From these graphs we can obtain what are the key points such as the “aha moments”, moments of maximum engagement and moments of boredom or decline. Understanding these graphs in an objective way will allow us to establish strategies to enhance those moments. For example, at the initial customer stages we can focus the product and customer management efforts on learning and onboarding, in the phase of maximum engagement we can focus on retention and conversion and in the decline phase on reactivation and cross promoting or cross selling other products. These graphs will not only allow us to define strategies, but will also help us to measure how the product evolves.
Measure the customer lifecycle
Once understood the model and its objective is the moment to obtain the data to be represented in the graph. The calculation will be made through engagement cohorts (or the product use data chosen). Once calculations have been made, it is enough to represent the data obtained from the cohorts through graphs. The resulting model is the customer lifecycle respresentation that we have seen in the previous section, but this time, with numbers.

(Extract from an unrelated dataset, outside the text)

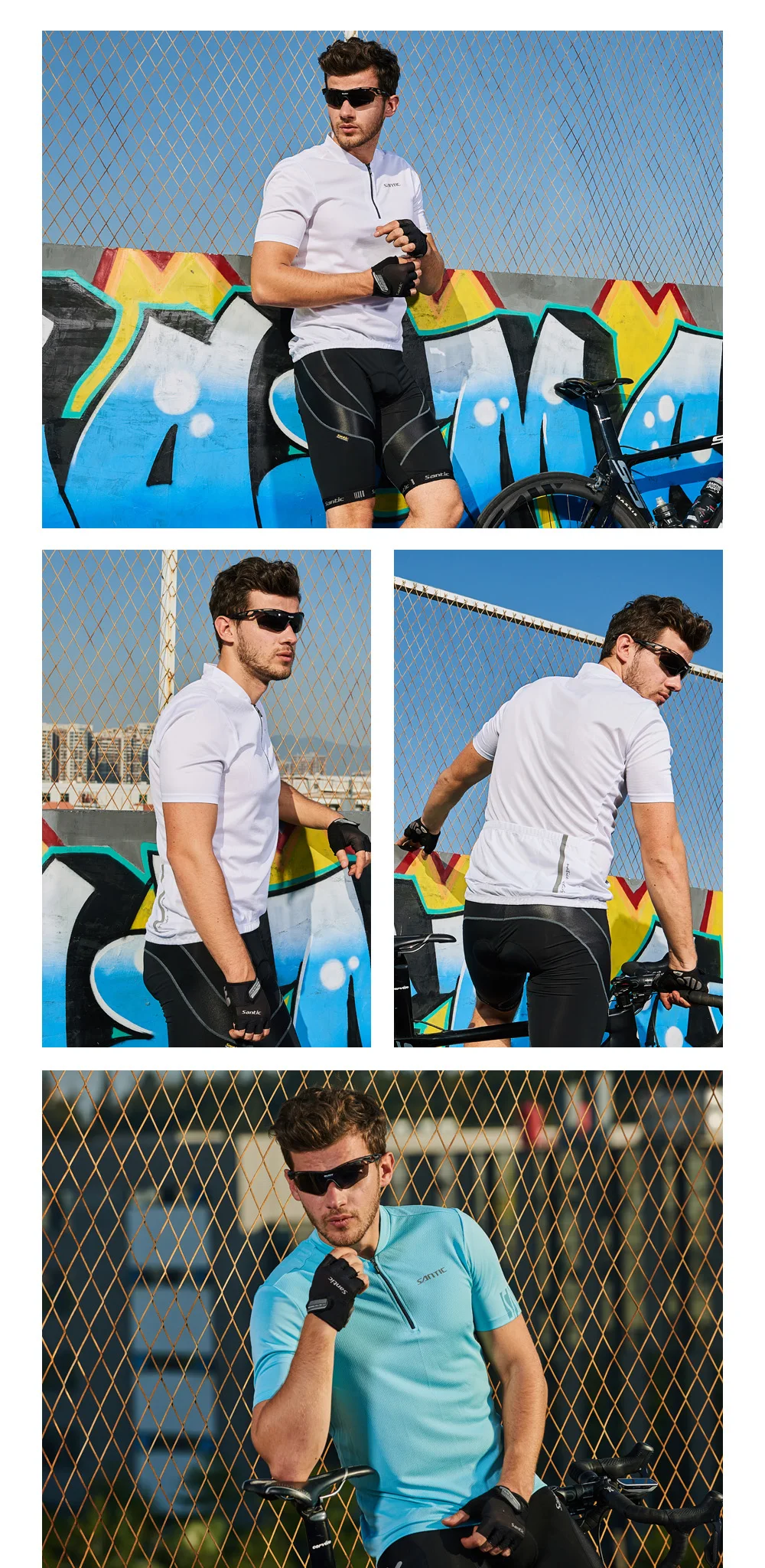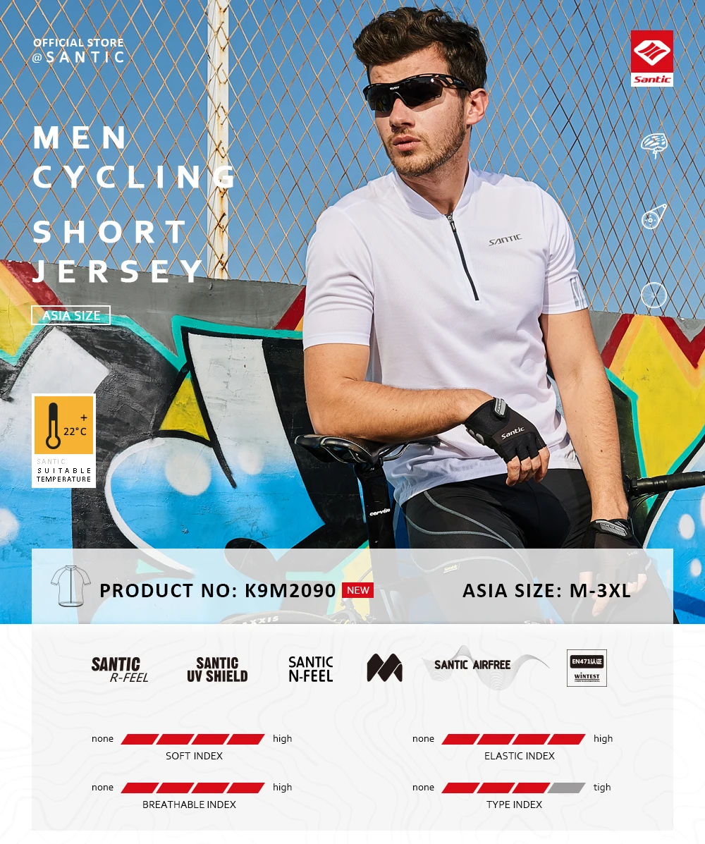 Santic Велоспорт Джерси мужские велосипедные рубашки с коротким рукавом Светоотражающие дышащие влагостойкие Wickin MTB велосипедные уличные спортивные костюмы

Using the chart above, we could make the following management and product assumptions:
- From day 1 to 8 do nothing, since the evolution is of product learning.
- From day 8 start with monetization stategies because the customer already knows the product and begins to use it more often.
- Day 15 is the key moment where the customer starts to lose interest. At that time we could unlock additional features or make some special event accompanied by a communication.
- From day 20 or 21 the strategy would be focused on keeping the customer or trying to cross it to another product.
- On the 28th, we might have lost the customer.
If we perform aggresive strategies on certain days and re-calculate the chart, we can see the effectiveness of the changes have. For example we can see if those changes have encoureged the customer to not leave the product the 28th day but a little bit later. The goal of the product and customer management team is to achieve the highest engagement point (e max ) in the shortest time possible and sustain it over time.
I hope this article has allowed the reader to gain a better insight into what the customer lifecycle is, what are their utilities in different business areas and how to be able to put into practice the monitoring of the different stategies applied through modeling and measuring the customer lifecycle.